Giving high school teachers free PD in Python etc. would be a smart move, as a pilot program at least. I guess I'd consider myself a lobbyist for such programs. I probably have natural allies in PSU I don't know about, enemies too. History was ever thus. :-)

I'm also sporadically reading a fantastic book on Ada Byron, the first computer programmer. She wasn't allowed to know who her dad was until her 21st birthday, when his portrait was unveiled with much ceremony. The mom didn't want her to have any contact with the guy.

PD = Professional development.   PSU = Portland State University.

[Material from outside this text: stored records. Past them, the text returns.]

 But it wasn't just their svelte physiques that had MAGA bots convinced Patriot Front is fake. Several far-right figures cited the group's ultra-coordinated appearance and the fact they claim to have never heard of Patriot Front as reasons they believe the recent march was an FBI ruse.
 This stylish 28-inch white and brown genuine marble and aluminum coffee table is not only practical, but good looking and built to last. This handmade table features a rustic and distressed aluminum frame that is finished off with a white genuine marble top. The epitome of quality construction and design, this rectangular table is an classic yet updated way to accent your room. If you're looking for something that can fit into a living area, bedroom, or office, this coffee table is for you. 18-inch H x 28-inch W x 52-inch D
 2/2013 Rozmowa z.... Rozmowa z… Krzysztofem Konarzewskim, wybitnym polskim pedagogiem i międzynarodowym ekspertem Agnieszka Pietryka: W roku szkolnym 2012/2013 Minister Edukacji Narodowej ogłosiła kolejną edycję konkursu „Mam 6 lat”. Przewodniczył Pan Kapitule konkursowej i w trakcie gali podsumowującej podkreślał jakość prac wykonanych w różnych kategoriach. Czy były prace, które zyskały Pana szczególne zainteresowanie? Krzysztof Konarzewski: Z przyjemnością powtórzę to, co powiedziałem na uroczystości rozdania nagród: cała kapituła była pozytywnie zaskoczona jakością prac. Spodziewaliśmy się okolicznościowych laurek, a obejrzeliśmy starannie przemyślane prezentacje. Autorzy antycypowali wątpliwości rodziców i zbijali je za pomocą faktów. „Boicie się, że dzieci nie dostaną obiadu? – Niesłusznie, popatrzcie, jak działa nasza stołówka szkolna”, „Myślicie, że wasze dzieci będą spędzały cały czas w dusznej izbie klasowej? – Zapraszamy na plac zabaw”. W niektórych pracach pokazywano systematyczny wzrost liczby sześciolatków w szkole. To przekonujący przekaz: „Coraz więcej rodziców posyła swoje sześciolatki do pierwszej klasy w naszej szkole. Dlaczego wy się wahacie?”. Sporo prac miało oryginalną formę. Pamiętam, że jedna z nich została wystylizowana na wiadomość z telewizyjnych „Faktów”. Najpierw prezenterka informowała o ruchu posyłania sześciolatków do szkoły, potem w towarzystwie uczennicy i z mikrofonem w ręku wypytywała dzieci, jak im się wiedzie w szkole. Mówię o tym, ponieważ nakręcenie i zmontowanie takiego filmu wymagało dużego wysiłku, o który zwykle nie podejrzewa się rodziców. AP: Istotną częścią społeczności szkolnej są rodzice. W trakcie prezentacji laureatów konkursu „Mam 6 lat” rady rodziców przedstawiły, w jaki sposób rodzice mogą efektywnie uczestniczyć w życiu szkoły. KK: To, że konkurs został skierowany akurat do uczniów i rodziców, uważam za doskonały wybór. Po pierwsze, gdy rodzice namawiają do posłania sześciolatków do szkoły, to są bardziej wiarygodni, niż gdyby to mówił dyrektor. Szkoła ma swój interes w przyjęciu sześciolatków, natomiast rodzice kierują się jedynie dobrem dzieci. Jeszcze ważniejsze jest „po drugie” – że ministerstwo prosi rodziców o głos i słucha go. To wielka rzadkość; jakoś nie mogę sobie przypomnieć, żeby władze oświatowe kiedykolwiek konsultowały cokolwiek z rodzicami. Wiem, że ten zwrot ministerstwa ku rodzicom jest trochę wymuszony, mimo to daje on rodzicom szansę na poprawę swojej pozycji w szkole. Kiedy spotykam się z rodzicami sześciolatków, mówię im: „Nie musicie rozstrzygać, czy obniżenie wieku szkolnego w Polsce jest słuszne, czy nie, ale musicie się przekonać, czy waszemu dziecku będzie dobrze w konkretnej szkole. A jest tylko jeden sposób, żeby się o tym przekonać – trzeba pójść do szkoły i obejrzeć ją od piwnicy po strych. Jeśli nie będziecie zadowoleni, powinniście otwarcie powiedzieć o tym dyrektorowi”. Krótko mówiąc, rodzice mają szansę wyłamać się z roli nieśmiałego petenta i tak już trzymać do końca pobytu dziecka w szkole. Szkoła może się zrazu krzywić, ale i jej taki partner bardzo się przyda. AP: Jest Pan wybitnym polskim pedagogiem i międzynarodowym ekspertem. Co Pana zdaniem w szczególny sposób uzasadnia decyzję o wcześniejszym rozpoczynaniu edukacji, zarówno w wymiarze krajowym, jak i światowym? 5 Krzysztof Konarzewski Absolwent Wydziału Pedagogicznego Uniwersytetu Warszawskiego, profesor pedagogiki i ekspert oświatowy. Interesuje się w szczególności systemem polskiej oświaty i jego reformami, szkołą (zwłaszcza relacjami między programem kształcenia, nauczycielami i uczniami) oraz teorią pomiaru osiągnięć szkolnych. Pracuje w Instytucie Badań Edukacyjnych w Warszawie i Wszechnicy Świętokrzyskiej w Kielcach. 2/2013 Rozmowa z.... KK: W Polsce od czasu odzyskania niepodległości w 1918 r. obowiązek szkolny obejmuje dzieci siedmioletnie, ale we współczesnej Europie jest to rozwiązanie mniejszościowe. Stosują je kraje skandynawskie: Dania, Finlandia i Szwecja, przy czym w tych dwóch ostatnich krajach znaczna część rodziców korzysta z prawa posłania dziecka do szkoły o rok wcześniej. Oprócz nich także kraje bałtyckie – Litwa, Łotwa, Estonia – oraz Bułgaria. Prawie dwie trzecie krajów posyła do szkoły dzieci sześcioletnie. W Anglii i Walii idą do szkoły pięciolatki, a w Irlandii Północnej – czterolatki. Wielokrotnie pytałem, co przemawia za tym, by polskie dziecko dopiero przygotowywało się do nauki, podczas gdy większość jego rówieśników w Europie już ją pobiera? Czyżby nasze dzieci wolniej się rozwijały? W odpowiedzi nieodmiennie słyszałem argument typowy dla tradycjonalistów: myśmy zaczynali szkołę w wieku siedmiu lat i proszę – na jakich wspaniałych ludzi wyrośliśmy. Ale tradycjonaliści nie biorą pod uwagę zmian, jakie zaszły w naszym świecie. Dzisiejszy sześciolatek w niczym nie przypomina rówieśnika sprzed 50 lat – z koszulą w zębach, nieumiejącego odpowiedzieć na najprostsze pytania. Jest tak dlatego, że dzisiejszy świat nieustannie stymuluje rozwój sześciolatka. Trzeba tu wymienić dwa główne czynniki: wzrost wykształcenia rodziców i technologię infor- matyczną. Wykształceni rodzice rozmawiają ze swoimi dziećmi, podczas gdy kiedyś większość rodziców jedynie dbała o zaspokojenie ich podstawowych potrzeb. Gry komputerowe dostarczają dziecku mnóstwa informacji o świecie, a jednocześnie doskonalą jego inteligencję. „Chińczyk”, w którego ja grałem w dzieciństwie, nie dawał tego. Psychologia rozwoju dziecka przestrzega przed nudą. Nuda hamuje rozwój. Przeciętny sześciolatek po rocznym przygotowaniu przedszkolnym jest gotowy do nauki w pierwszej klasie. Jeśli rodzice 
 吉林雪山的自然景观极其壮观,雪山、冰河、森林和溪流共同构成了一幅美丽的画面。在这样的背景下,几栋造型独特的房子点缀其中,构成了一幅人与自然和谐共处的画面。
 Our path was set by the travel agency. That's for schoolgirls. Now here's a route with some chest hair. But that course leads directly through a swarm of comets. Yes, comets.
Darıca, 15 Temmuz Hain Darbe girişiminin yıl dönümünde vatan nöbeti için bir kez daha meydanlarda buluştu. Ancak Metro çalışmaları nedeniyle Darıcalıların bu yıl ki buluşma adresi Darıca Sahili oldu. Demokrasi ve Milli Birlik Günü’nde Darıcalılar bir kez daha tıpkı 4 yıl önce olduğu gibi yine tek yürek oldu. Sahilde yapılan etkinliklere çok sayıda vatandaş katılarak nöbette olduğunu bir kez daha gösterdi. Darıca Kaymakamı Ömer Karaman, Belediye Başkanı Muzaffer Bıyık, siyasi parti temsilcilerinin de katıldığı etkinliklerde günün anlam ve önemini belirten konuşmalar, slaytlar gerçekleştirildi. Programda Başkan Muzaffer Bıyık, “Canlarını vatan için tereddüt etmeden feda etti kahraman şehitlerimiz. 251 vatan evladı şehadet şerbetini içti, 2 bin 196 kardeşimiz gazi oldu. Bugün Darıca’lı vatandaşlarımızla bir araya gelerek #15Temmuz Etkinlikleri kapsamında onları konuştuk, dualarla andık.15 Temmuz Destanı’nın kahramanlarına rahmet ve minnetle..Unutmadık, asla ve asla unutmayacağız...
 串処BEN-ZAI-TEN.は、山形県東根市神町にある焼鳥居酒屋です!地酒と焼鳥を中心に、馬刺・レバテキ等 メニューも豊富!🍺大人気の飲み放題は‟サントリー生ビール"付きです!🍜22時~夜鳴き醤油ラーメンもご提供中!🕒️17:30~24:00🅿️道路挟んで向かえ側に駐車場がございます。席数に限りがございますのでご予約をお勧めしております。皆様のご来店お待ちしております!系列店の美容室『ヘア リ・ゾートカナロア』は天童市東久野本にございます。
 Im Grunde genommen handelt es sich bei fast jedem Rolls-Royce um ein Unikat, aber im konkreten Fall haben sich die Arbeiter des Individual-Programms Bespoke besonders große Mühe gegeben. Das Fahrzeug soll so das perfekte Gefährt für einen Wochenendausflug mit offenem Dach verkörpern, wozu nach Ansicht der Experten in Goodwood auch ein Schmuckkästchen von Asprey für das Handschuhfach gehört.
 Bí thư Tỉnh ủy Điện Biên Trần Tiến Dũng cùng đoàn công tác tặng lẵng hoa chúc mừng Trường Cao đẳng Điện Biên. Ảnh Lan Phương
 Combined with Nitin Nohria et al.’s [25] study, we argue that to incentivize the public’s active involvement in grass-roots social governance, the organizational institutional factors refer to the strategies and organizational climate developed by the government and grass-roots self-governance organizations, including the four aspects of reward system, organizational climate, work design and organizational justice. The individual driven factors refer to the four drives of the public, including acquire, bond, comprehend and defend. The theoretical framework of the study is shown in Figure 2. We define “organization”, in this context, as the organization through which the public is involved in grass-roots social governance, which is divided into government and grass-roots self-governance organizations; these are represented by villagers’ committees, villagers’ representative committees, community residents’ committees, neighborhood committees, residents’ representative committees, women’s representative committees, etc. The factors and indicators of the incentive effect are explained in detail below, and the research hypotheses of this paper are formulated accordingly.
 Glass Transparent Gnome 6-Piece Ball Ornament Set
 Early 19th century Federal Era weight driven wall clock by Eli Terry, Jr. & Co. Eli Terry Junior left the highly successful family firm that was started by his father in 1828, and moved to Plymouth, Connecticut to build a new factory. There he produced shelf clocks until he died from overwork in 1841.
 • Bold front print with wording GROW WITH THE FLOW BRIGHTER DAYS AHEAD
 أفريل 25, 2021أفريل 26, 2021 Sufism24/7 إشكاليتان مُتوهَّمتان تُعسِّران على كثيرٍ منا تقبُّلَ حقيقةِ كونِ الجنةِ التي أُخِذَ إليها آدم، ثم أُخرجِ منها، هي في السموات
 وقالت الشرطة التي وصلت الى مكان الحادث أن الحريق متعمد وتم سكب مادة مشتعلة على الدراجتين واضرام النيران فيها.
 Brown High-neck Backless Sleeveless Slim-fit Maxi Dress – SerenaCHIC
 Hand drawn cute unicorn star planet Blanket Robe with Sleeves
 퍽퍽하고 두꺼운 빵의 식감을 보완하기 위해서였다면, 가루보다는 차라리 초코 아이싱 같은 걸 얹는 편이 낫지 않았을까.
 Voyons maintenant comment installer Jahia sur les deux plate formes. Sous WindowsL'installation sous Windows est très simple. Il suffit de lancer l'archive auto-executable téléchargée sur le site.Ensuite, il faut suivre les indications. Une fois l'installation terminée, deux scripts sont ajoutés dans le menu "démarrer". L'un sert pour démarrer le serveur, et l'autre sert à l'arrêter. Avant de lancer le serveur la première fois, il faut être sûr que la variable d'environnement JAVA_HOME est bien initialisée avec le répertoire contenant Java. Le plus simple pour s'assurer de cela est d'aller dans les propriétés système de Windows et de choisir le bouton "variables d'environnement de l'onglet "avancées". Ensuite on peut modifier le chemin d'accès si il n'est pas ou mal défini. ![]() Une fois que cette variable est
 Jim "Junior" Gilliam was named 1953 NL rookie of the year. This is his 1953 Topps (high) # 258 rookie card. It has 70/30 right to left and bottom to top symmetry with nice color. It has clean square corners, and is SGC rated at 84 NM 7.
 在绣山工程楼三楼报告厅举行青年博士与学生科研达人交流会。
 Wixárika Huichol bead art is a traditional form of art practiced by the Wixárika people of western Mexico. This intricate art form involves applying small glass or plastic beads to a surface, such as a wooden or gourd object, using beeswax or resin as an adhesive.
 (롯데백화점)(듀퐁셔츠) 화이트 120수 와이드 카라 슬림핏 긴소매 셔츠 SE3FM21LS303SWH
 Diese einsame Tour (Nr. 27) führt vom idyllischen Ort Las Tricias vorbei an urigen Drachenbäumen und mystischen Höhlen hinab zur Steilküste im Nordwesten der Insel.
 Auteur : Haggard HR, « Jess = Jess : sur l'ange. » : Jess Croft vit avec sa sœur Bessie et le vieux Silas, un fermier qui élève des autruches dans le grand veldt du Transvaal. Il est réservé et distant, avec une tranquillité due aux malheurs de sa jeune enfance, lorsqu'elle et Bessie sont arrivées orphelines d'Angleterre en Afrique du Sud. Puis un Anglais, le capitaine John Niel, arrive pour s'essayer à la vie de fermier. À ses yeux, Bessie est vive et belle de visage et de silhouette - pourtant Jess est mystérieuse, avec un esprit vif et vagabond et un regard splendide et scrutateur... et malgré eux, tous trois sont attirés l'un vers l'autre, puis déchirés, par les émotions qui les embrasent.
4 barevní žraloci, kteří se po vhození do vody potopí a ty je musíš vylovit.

You might see where high schools could relate to talk of "in groups" and "out groups", the Venn Diagrams.  That's what the #BigData and #MachineLearning folks are studying too.  Who's who, and who knows whom, who works with whom etc. 

The company Little Bird (here in Portland) is one example, that's what they do for a living:  find out who is influential, based on network traversal. The theory is that, in knowing all this, one becomes an insider in some way, like being in the CIA in some science fiction. 

My wish, then, is to anchor a semantic web that doesn't fizzle when the mind turns to social matters.  Geometry doesn't just sit on the shelf. 

Verifying the truth of a story, seeing if it all checks out, is "omni-triangulating". 

We're building mental maps, mental models. 

Yes, constructivism:  we're each responsible for creating our own model. 

Geometry supplies conceptual tools for doing that. 

Graph Theory and Geometry are not strangers.